At issue is a requirement in the Civil Rights Act that employers make “reasonable accommodations” for those practices unless doing so would inflict an “undue hardship” on the employer’s operations. The term “undue hardship” has been interpreted as allowing the employer to refuse an accommodation if it would have to incur more than a “de minimis [minimal] cost.” The case before the high court could result in a requirement that employers show a more extensive impact, which would be up to the court to define.

The case involves a former rural carrier associate who cited his Christian beliefs in refusing to work on Sundays, triggering complaints from other employees that they were being called to work on Sundays excessively. Facing potential firing, the employee resigned and filed the suit.
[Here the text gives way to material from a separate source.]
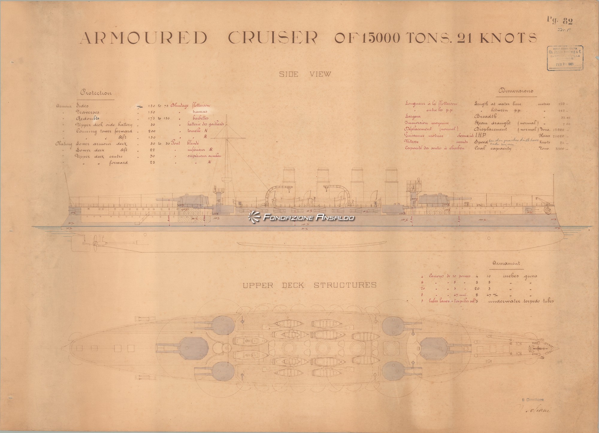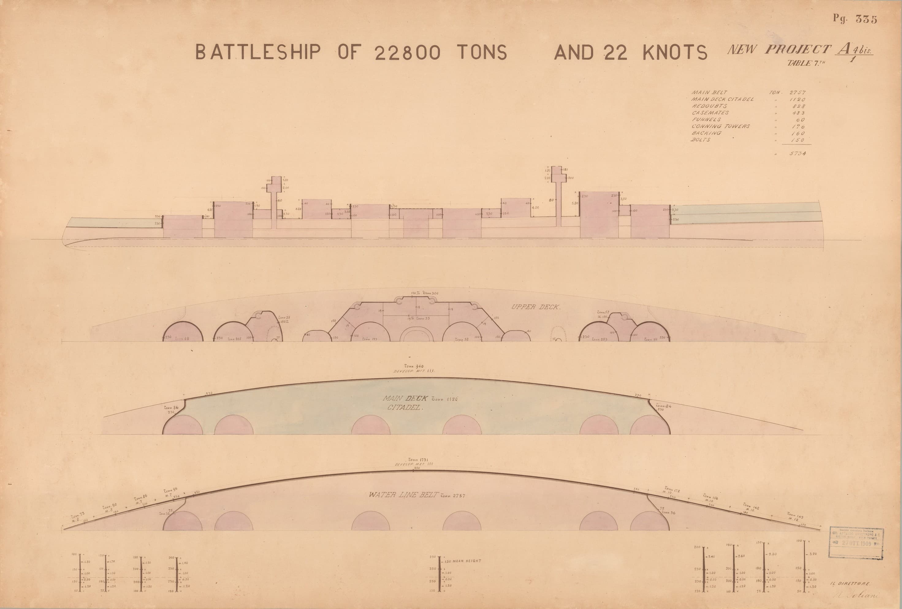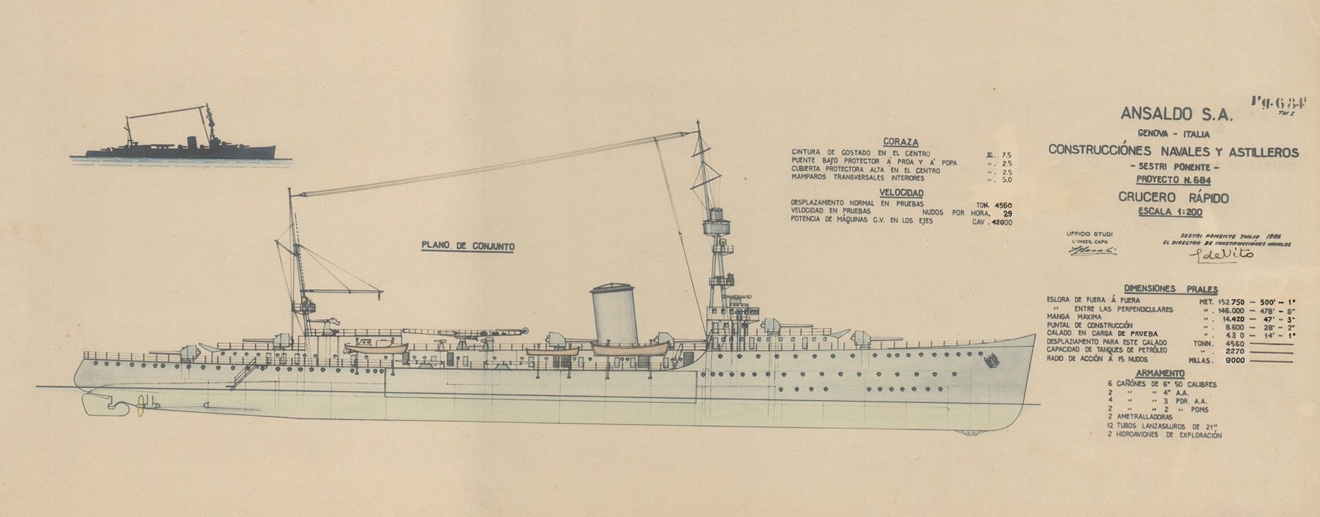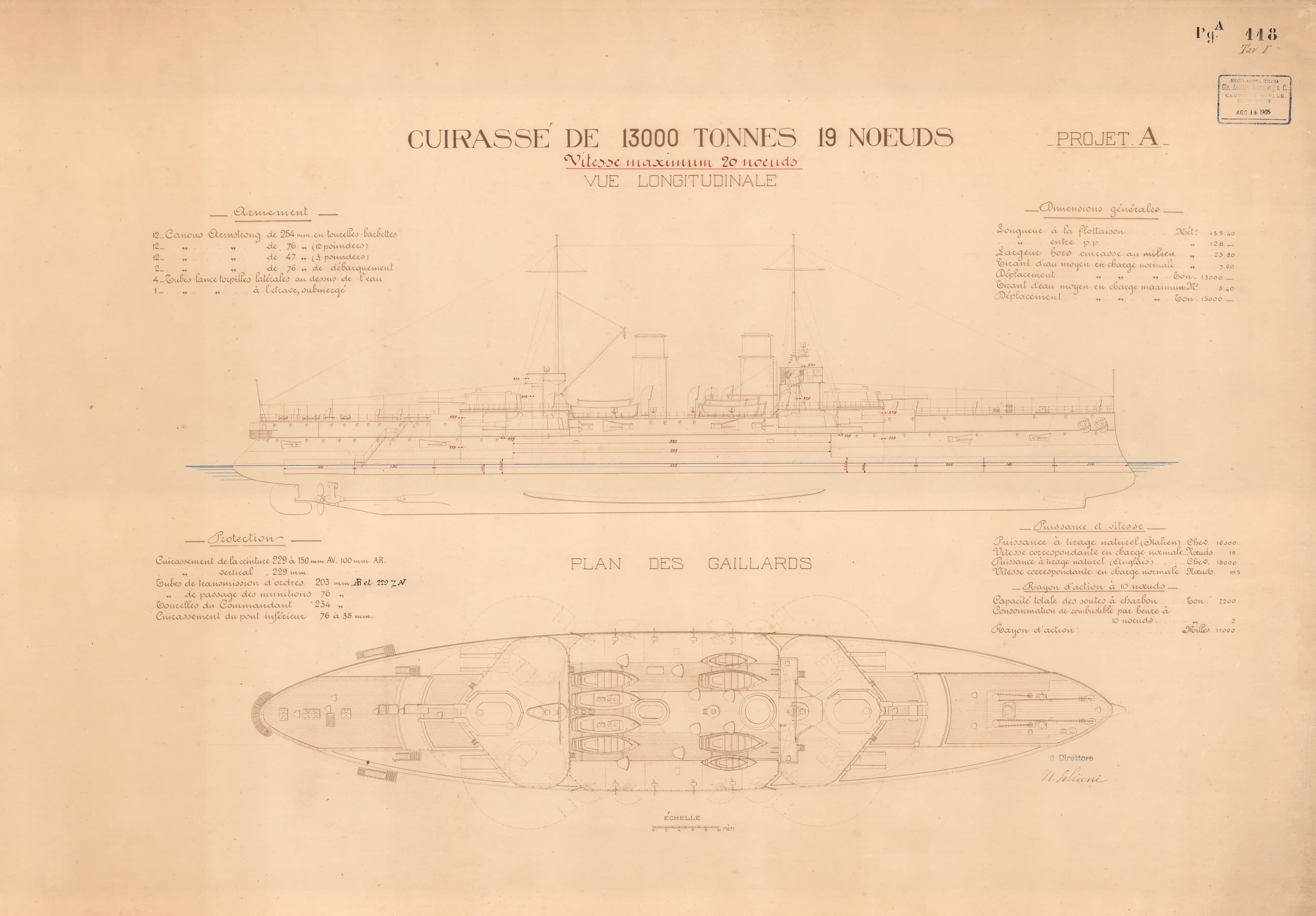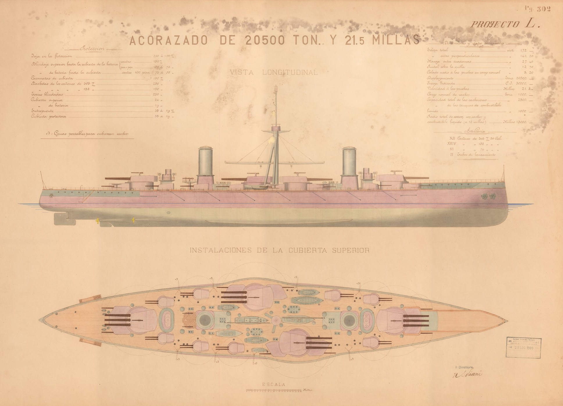 Progetto corazzata di 15.000 t. e 20 nd. per il Governo Argentino (progetto n. 1210)

A district court and then an appeals court held that accommodating him put more than a minimal burden on the USPS and that the impact on other employees amounted to an undue hardship.

At issue during the oral arguments before the high court was whether the standards for requiring accommodations for religious practices are disproportionately lower than other workplace protections, and whether the “cost” consideration involves only finances but also involves matters such as workplace morale.

A related consideration was that while compliance with other workplace provisions, such as changes to work stations to accommodate certain conditions, generally do not directly affect other employees, setting work schedules to accommodate an employee’s religious practices more commonly does affect others.

The high court previously heard oral arguments in a case involving the FLRA’s jurisdiction over disputes involving “dual status” technicians, who are DoD employees who also must hold positions in the National Guard or Reserves to maintain their federal employment. Decisions in both are expected before July.